Self-centeredness in any form blocks the comforting power of
the Holy Ghost. It is only natural that we feel grief; we are
emotional beings; but when we are consumed by it, we become dysfunctional. If we are blessed to have loving Christian friends
who support us during trying times, it is wonderful; but sometimes
 we find ourselves very much alone with the grief. Ah, but we aren’t alone! Just because another human isn’t available to help us
 shoulder our great sorrow, doesn’t mean we are left without
comfort. Jesus promised to send another “comforter” in the
 person of the Holy Ghost, and He did.

We always have access to that source of power and comfort. And
we CAN make it! The Bible speaks of one who is closer than even
 a brother and would never leave us. Personal experience has
taught me that those words are absolutely true and reliable. He
is always “there.”

Sometimes there are “living deaths.” Broken relationships,
divorce, estrangement from someone who lived in our hearts are
all forms of death and can cause as much grief as their death,
maybe more. We might consider that those living who hurt us
could make it right, but those who have died can do nothing more.
It is true that living deaths can cause us as much grief as the
 physical death of someone we loved. But rest assured that God
knows and cares, and He will get you through it. Where grief is concerned, the only way out is through.
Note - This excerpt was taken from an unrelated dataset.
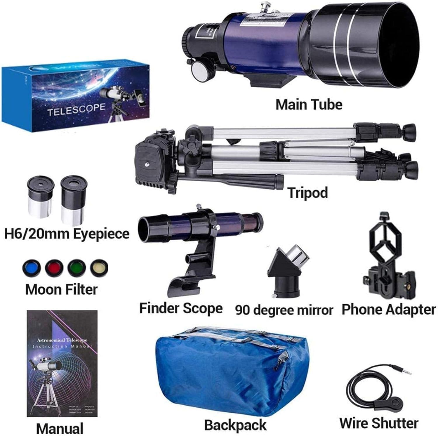 70MM large aperture adopts advanced optical lens group, high-quality optical glass multilayer broadband coating, so that the light transmittance can reach 98.9%, and the image is clear and sharp> Specification> Optical : Refractor> Aperture: 70mm(2.75in)> Finderscope: 5*24> Focal Length: 400mm(15.75in)> Eyepiece: K6mm, K25mm> Mirrors: 45erect-image diagonal> Item size: 435*160*110mm> List:> 1*smart phone adapter> 1*camera shutter wire control> 1*adjustable tripod> 4*moon filters> 2* eyepieces> 1*user manual> 1*backpack> Steps for usage:> 1. step> Aim at the subject to be observed, adjust the appropriate height and> 2. step> The finder mirror is coaxial and parallel to the main lens barrel. Look at the finder mirror and adjust the up, down, left, and right angles through the tripod handle to find the position of the observation object> 3. step> Lock the observation object, watch the eyepiece of the main tube, and adjust the focus wheel to clear> Reminder: Please wear a Bard film when observing the sun. Do not observe the sun directly, so as not to{/p}

If you are suffering from any kind of sorrow or grief, let pure
Love enfold you and uphold you. There are no real shortcuts
 to working our way through grief, but through it we will go and
come out more understanding and compassionate, with greater
mercy toward others who suffer. We can truthfully say,
“I understand” because we really do. We’ve been there and
 we know God’s formula works. “Casting all your care upon Him,
for He cares for you.” (1 Peter 5:7 NKJV). In his little book, The
Gentle Art of a Servant’s Heart, Charles Swindoll says, “Mercy
 means the ability to get right inside the other person’s skin—a deliberate effort of the mind and of the will.” When we have
 received mercy, it expands our mercy-well; and we have more
 to bestow on others.

If you are suffering, cast your cares on Jesus. If you have come
 through your season of sadness, be a comforter to those who are just going through. God comforts us, not only to be comforted, but to be comforters as well. Pass it on.

(Most of this was written after my young brother (Kelsey Ray Adams) and Dad (Kelsey G. Adams) died six weeks apart in 1979).